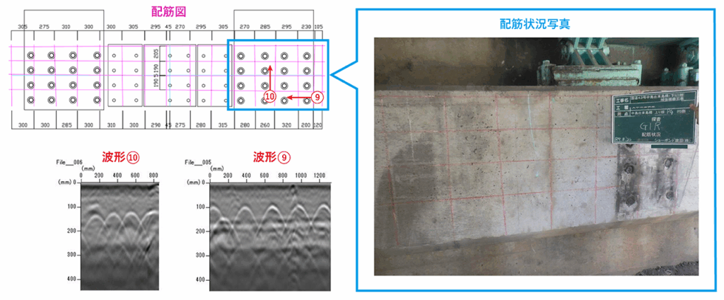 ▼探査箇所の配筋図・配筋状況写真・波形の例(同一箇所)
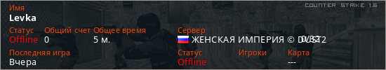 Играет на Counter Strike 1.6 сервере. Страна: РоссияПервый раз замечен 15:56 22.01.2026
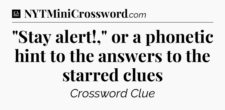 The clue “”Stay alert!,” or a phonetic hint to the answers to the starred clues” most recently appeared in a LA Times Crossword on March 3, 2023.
────────────────────────────────────────
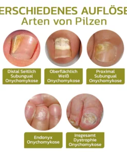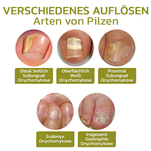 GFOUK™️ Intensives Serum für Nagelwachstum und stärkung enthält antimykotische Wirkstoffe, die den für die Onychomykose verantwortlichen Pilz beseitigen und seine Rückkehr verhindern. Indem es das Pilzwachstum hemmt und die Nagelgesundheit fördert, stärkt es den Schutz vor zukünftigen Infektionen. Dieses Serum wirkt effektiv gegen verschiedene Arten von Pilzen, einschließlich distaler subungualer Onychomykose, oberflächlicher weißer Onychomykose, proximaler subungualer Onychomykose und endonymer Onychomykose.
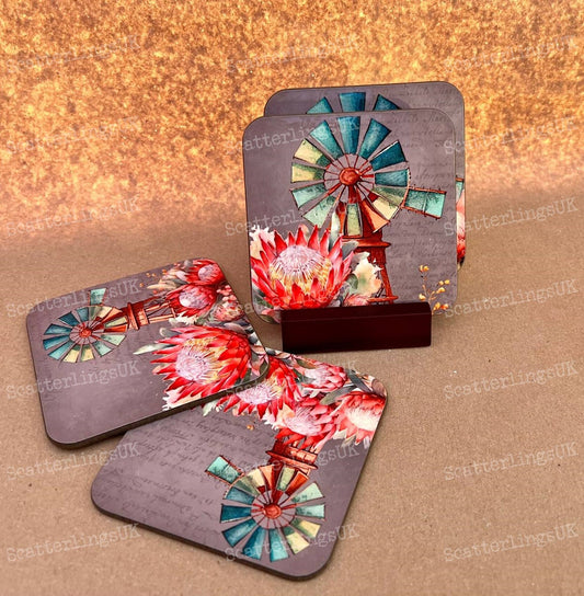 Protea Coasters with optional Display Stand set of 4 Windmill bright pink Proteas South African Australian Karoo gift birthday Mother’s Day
────────────────────────────────────────
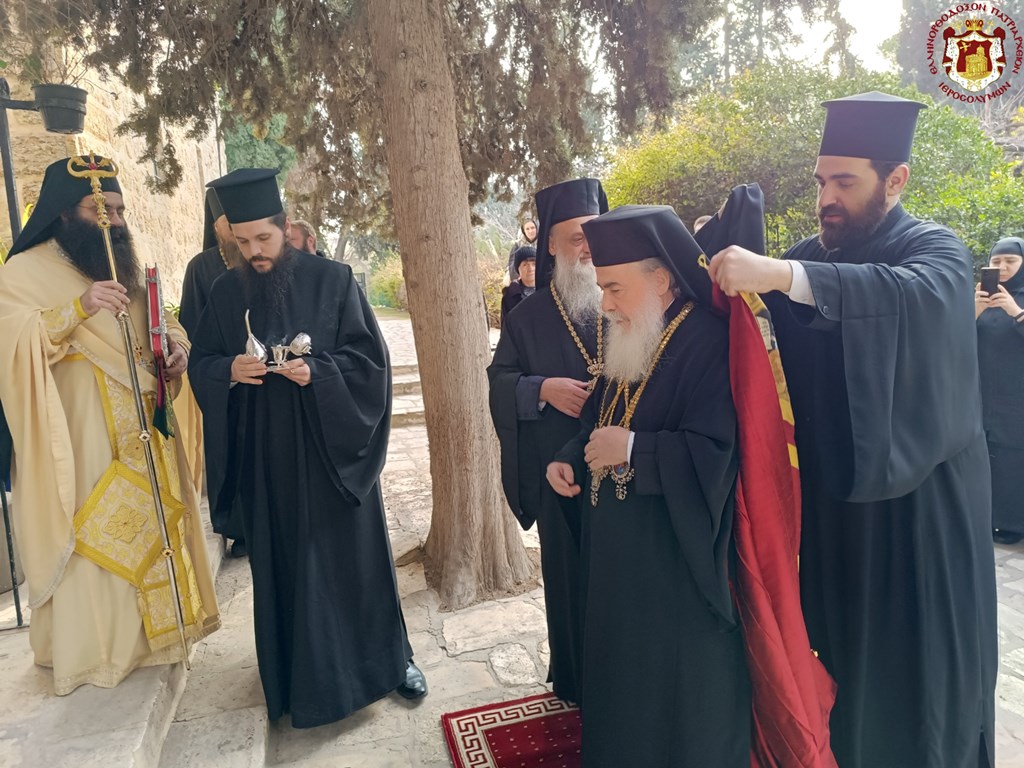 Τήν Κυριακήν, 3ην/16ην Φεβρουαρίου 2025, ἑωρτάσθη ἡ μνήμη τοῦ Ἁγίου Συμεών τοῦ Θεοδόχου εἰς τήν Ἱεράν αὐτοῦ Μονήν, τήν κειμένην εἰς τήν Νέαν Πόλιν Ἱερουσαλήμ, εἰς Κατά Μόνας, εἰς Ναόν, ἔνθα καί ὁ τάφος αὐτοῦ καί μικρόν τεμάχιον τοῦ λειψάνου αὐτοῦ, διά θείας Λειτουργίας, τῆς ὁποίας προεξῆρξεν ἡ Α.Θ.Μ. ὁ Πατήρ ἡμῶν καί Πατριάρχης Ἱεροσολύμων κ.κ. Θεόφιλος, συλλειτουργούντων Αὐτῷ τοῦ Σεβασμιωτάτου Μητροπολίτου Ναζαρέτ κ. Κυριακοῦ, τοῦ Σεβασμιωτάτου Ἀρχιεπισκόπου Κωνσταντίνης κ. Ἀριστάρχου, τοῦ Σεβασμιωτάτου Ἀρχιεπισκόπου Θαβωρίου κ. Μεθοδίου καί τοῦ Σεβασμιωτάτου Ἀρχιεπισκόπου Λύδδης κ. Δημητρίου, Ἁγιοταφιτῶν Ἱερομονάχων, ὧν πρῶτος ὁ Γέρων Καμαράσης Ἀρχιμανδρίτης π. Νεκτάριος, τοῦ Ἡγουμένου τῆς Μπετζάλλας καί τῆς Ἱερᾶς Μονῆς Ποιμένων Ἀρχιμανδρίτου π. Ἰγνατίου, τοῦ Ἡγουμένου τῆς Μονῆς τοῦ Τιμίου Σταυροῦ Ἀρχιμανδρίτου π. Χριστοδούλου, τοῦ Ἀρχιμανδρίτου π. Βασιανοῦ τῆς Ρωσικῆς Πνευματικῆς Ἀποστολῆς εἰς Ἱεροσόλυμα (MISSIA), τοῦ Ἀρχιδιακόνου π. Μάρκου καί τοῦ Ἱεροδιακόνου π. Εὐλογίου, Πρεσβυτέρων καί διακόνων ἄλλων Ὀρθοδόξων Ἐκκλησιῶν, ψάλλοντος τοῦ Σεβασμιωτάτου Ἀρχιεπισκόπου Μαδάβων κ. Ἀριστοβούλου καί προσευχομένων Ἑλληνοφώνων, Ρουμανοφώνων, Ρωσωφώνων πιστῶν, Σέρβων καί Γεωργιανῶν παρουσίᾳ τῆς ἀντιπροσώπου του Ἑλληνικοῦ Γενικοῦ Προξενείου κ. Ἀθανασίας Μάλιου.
────────────────────────────────────────
* Your task *
Word for word, restate the lines above from the one with "Играет на Counter" through the one with "March 3, 2023.", keeping both ends and dropping the pictures.

* Result of the task *
 Играет на Counter Strike 1.6 сервере. Страна: РоссияПервый раз замечен 15:56 22.01.2026
 The clue “”Stay alert!,” or a phonetic hint to the answers to the starred clues” most recently appeared in a LA Times Crossword on March 3, 2023.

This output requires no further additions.